Asa Candler had no involvement with the design of Candler Park, it was designed by the City's Park's Department. The Ampitheater proposed was on top of nine black families' homes that the City intended to force out to build this "white's only" park, that was the reason they put a large structure in that area of the land, it also included a proposed orinthology museum. They did not succeed in forcing those homes off the area property until the early 1940s. The last thing Candler Park needs is an ampitheater ~ just ask anyone living next to Chastain Park what that concert venue has done to their neighborhood. Or the many Candler Park residents living near CP who'll have greatly restricted use of their homes when the grossly oversized Sweetwater 420 Festival shows up this year.
CP has had Historic Designation status since the early 1990s, but that's not to what I referred.

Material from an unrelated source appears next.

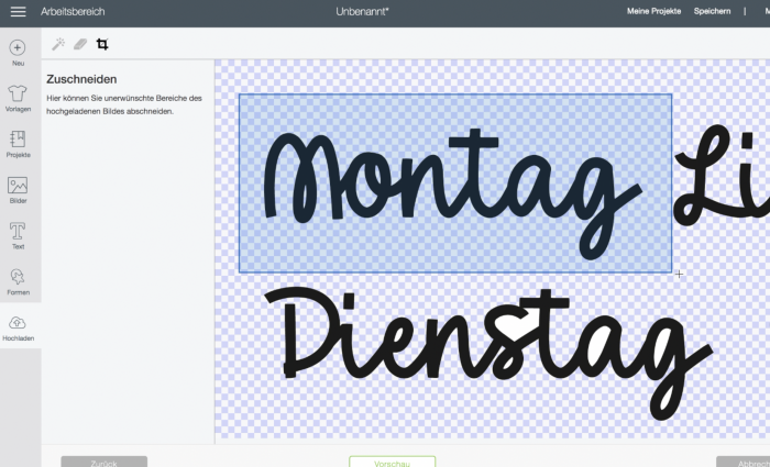 Mit dem Freistellungs-Werkzeug, könnt Ihr einzelne Bereiche eines Bildes speichern. Wenn Ihr von der Wochentage-Vorlage zum Beispiel nur den Montag braucht, wählt Ihr den aus und speichert ihn als eigene Datei:
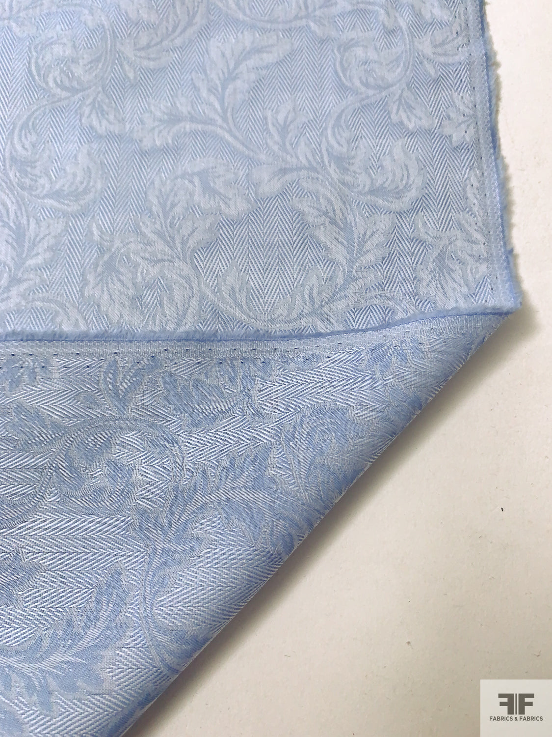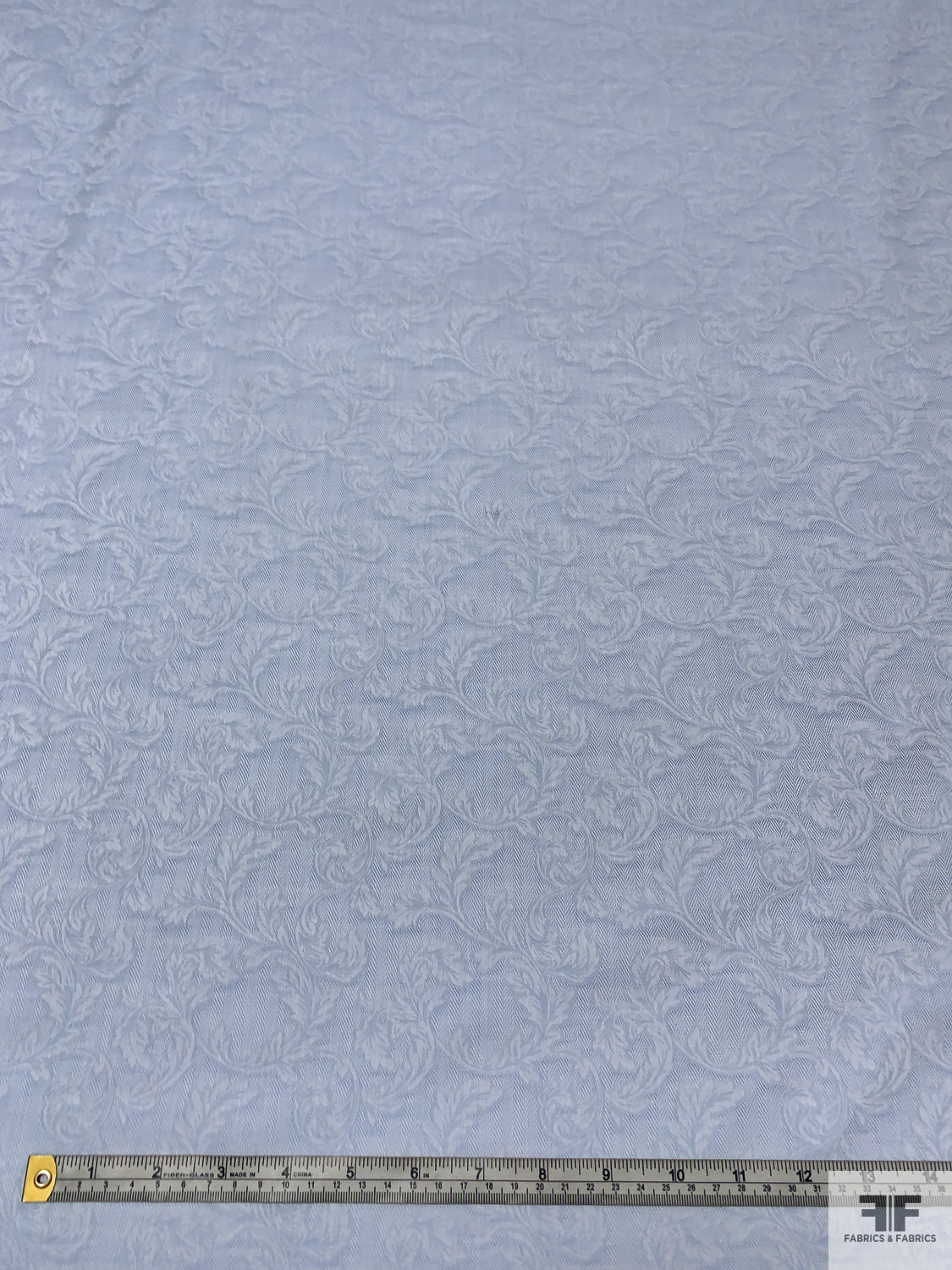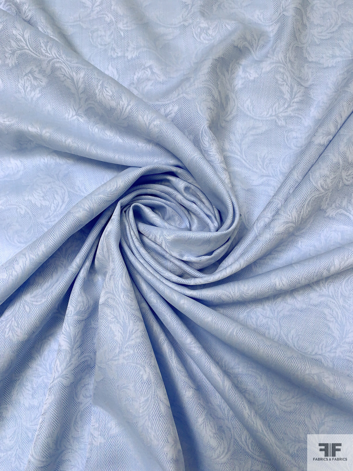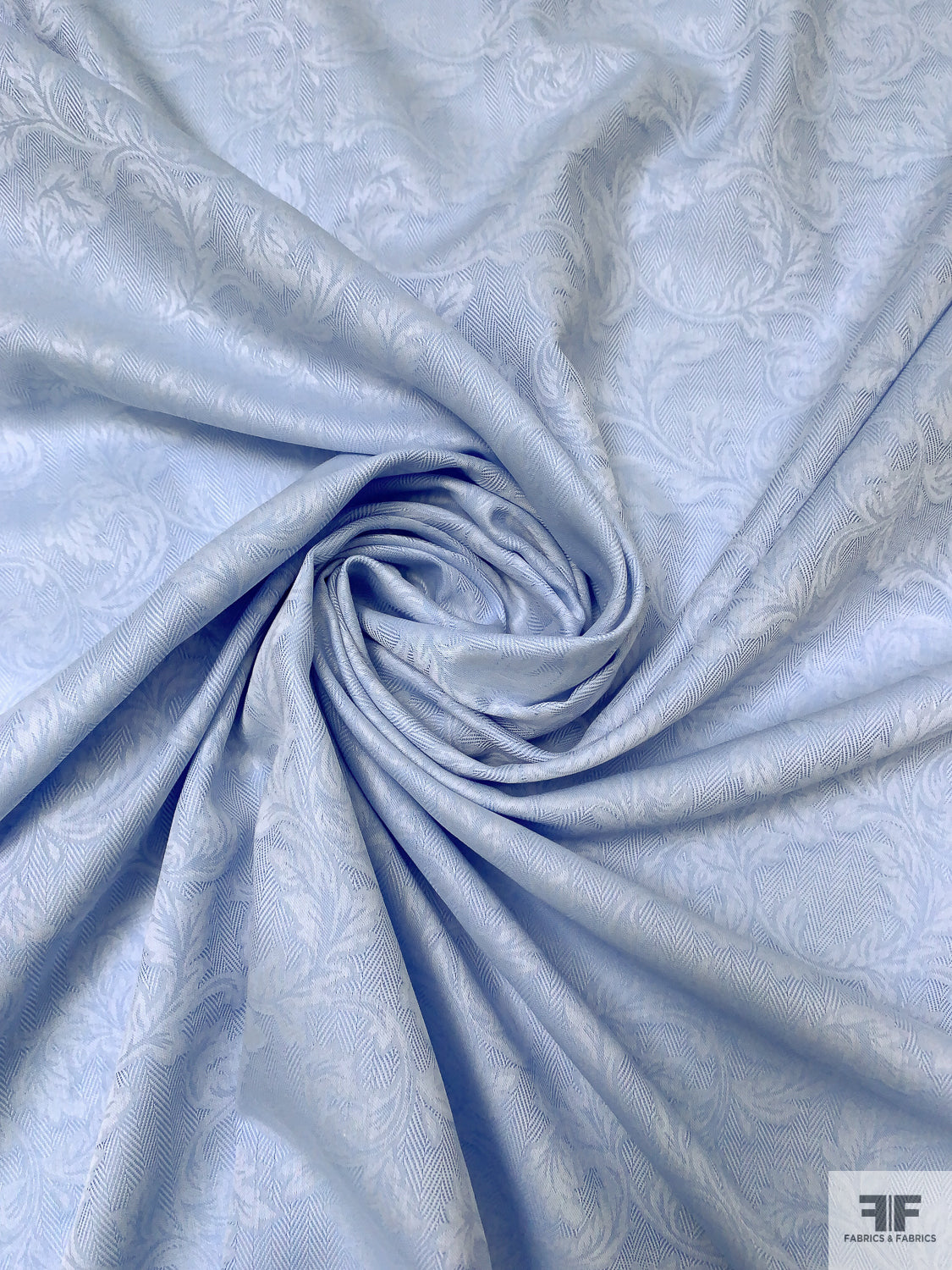 Italian Leaf Vine Herringbone Jacquard Cotton Shirting - Soft Blue

Again, the land use / design restrictions on land sold from the failed Parkway in terms of the style of housing allowed are part of the legal agreement from the Presidential Parkway lawsuit. In a nutshell, the court recognized that the DOT devastated a historic area when they tore down old housing so the parties agreed that any housing rebuilt on the condemned land had to look like the late 19th century housing that was torn down. No, that doesn't govern the use of the land that became parkland for Freedom Park. It's more that it was recognized that Candler Park had the right to return to a particular kind of historical area appearance after all the land condemnation and destruction of the neighborhood's housing that dictated it's character, and now the City has disregarded this idea by putting a very modern sculpture in the middle of older housing. The bigger issue here is that the City did not give NPU-N any time to allow the CP rep to bring the proposed sculpture back to CPNO for a neighborhood vote. And it really is a piece better suited for Freedom Park at Ponce & FP, not in the middle of a residential area in Candler Park. There are a lot of families living in Candler Park for decades now through some very tough times to remain intown in Atlanta, who have invested time and money and sweat equity to bring the neighborhood back to life. It's frustrating when the City acts virtually unilaterally to install something that is dramatically different from the overall character of the neighborhood. Pretty much "no good deed goes unpunished."
The neighborhood did not want this sculpture. It was brought to NPN-U and voted on in under an hour, no time was given to take it back to Candler Park Neighborhood Organization for a vote. Candler Park was told that we had to take the sculpture, like it or not. This is a historic neigbhorhood, houses date back to the 1870s, the sculpture is nice but completely inappropriate for an older historic residential area. There are strict suitability covenents on all the land in this neighborhood that was condemned for the Presidential Parkway ~ any land that was condemned for the Presidential Parkway that is now sold for housing development, the housing has to follow restrictions in design to make it look like the old late 19th C housing that was torn down. Front porches, high ceilings, hardwood floors, parking in the rear are all mandatory for new housing construction on former Presidential Parkway land in this area. So why did the City ignore the spirit of those zoning codes and install this very modern sculpture in a the middle of a historic designation area? It would be much better suited, and more visible, in a more commercial area of Freedom Park. Poncey Highlands spoke up at NPN-U and said they wanted it ~ Poncey Highlands should have gotten it. It would be much better suited installed near the Thornton Dial piece at Freedom Parkway & Ponce.